= Woman's Commonwealth =

American women's land-based commune

The Woman's Commonwealth (also Belton Sanctificationists and Sisters of Sanctification) was a women's land-based commune first established in Belton, Texas. It was founded in the late 1870s to early 1880s by Martha McWhirter and her women's bible study group on land that was inherited when the women's husbands died or quit the home.

== Members ==
Residents of the commune were women and their dependent children; many of the women fled abusive homes to join the community. At one point, there were between 42 and 50 women members on record, including at least one African American woman who is thought to have been a former slave.

== Ideology ==
The Sisters embraced first wave feminist ideologies, and sought spiritual, economic, and social equality for women. To that end, they practiced celibacy as a way to liberate women from the spiritual degradation of heterosexual intercourse, the oppressive needs of children and child rearing, and male violence. In the 1880s, the citizens of Belton blamed the Sanctificationists for rising separation and divorce rates, and of undermining the meaning of marriage through their practice of celibacy.

== History ==
The Sanctificationists were economically successful; they ran several boarding houses and two hotels, formed holding companies to manage their properties, and operated two farms to provide food for their multiple dining rooms. They started the first public library in Belton, the Woman's Wednesday Club Library, out of one of their boarding houses.

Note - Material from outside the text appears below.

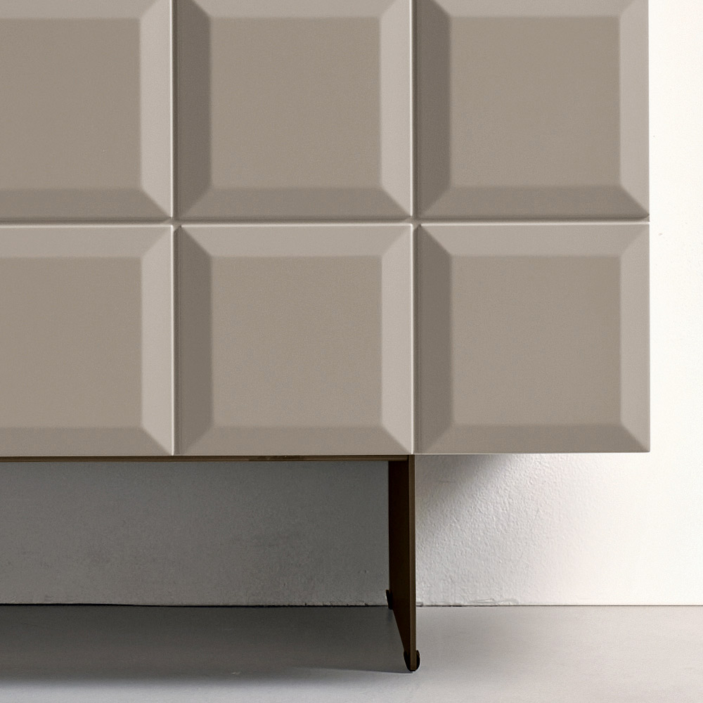 Aparador de design fabricado na Itália com portas geométricas em relevo e base de metal.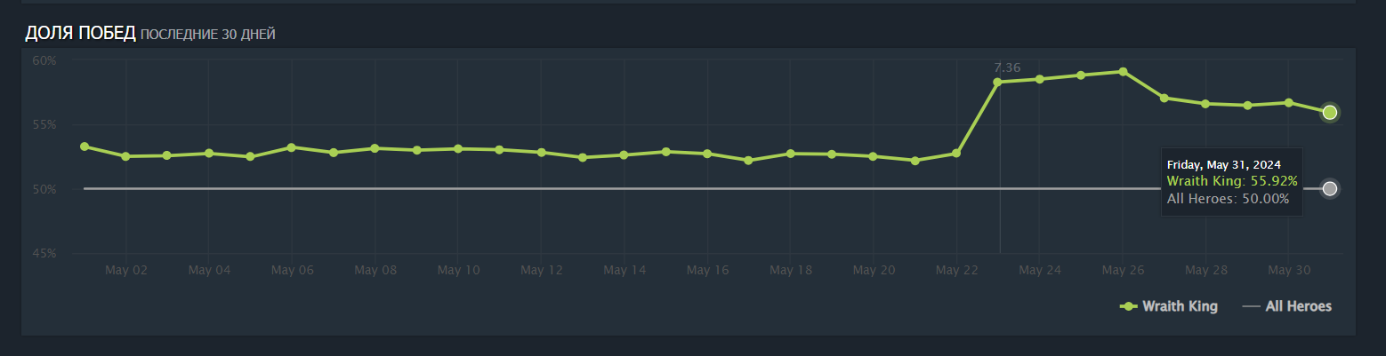 Да, “Папич” вновь вернулся в строй самых сильных героев. Врожденной способностью WK стали его вампиризм и неуязвимая призрачная форма после смерти, как от Aghanim’s Scepter. То есть Wraith King получил врожденный аганим с нулевой минуты. Сам же скипетр, как и раньше, делает скилл аурой, но теперь еще и уменьшает время возрождения союзников на 10%. Аспекты у героя тоже очень сильные и входят в топ-5 по винрейту. И если Bone Guard просто возвращает скелетиков, то Spectral Blade, который берут в три раза чаще, увеличивает личный DPS “Короля” благодаря новой способности с отложенным уроном. А дамаг этот зависит от тычки персонажа. Поэтому рапира на WK смотрится еще более заманчивой. Тем более никто не отменял неуязвимость в виде призрака на пять секунд. И даже после смерти можно легко устроить рампагу.

In 1899, the entire commune moved to Washington, DC where they opened boarding houses and a hotel, and participated in urban feminist organizations. In 1903, there were ten remaining members who purchased a farm in rural Maryland to provide food for their urban dining halls, and to provide a pastoral retreat for themselves in a rural landscape. McWhirter died in 1904, and the commune began a slow decline.

The last member of the commune died in 1983 at the age of 101.

== Impact ==
The George and Martha McWhirter House at 400 North Pearl St., Belton, Texas, is on the National Register of Historic Places listings in Bell County, Texas. At the address, there is a historical marker dedicated to the Sanctificationists. Jan Berliner Statman considers the Woman's Commonwealth to be one of the first women's shelters in the United States.

A brief article published in the lesbian separatist periodical, Austindyke (alternately spelled as Austin Dyke), in 1979 and then reprinted in Sisters United in 1980 described the Woman's Commonwealth as a forerunner of the lesbian land movement. It is unclear whether the Sanctificationists influenced the movement that flourished in the 1970s and 1980s.